Changelog

0.9 (2019-01-16)

Support for loading CSVs directly from URLs, thanks @betatim - #38
New -pk/--primary-key options, closes #22
Create FTS index for extracted column values
Added --no-fulltext-fks option, closes #32
Now using black for code formatting
Bumped versions of dependencies

0.8.1 (2018-04-24)

Updated README and CHANGELOG, tweaked --help output

0.8 (2018-04-24)

-d and -df options for specifying date/datetime columns, closes #33
Maintain lookup tables in SQLite, refs #17
--index option to specify which columns to index, closes #24
Test confirming --shape and --filename-column and -c work together #25
Use usecols when loading CSV if shape specified
--filename-column is now compatible with --shape, closes #10
--no-index-fks option

By default, csvs-to-sqlite creates an index for every foreign key column that is added using the --extract-column option.

For large tables, this can dramatically increase the size of the resulting database file on disk.
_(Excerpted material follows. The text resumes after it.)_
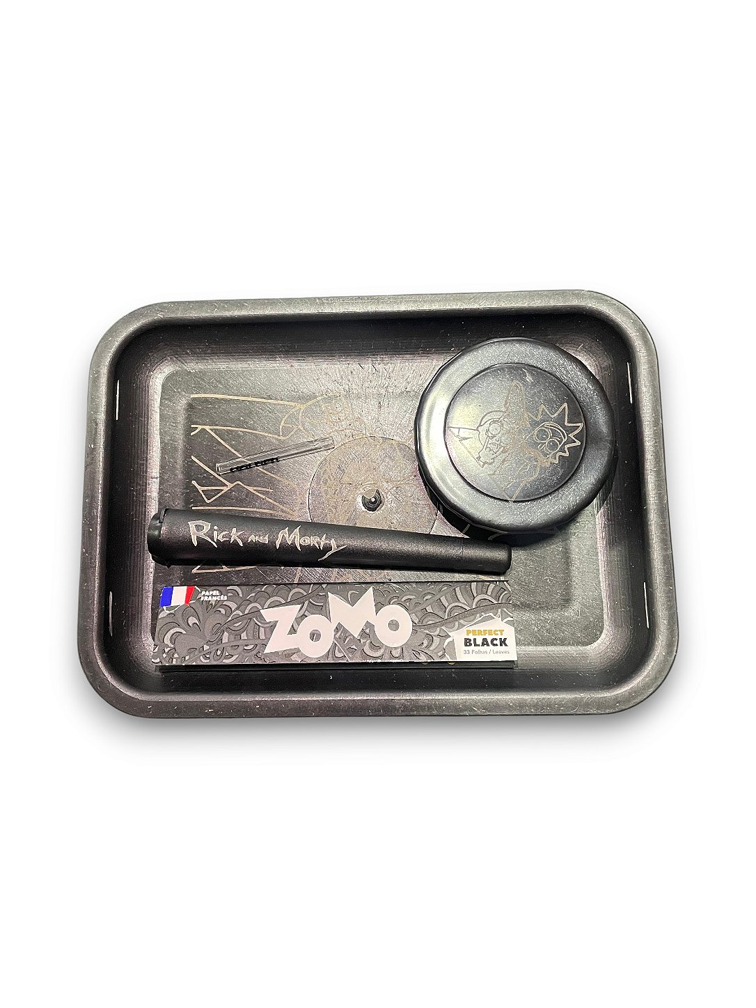 Feita em acrílico preto, a bandeja tem formato retangular e ilustrações gravadas relacionadas ao universo Rick And Morty. O material facilita o manuseio e impede o acúmulo excessivo de sujeira. As medidas são compactas, facilitando o transporte e organização de pequenos itens pessoais ou artigos para fumantes.

The new --no-index-fks option allows you to disable this feature to save on file size.

Refs #24 which will allow you to explicitly list which columns SHOULD have an index created.
Added --filename-column option, refs #10
Fixes for Python 2, refs #25
Implemented new --shape option - refs #25
--table option for specifying table to write to, refs #10
Updated README to cover --skip-errors, refs #20
Add --skip-errors option (#20) [Jani Monoses]
Less verbosity (#19) [Jani Monoses]

Only log extract_columns info when that option is passed.
Add option for field quoting behaviour (#15) [Jani Monoses]

0.7 (2017-11-25)

Add -s option to specify input field separator (#13) [Jani Monoses]

0.6.1 (2017-11-24)

-f and -c now work for single table multiple columns.

Fixes #12

0.6 (2017-11-24)

--fts and --extract-column now cooperate.

If you extract a column and then specify that same column in the --fts list, csvs-to-sqlite now uses the original value of that column in the index.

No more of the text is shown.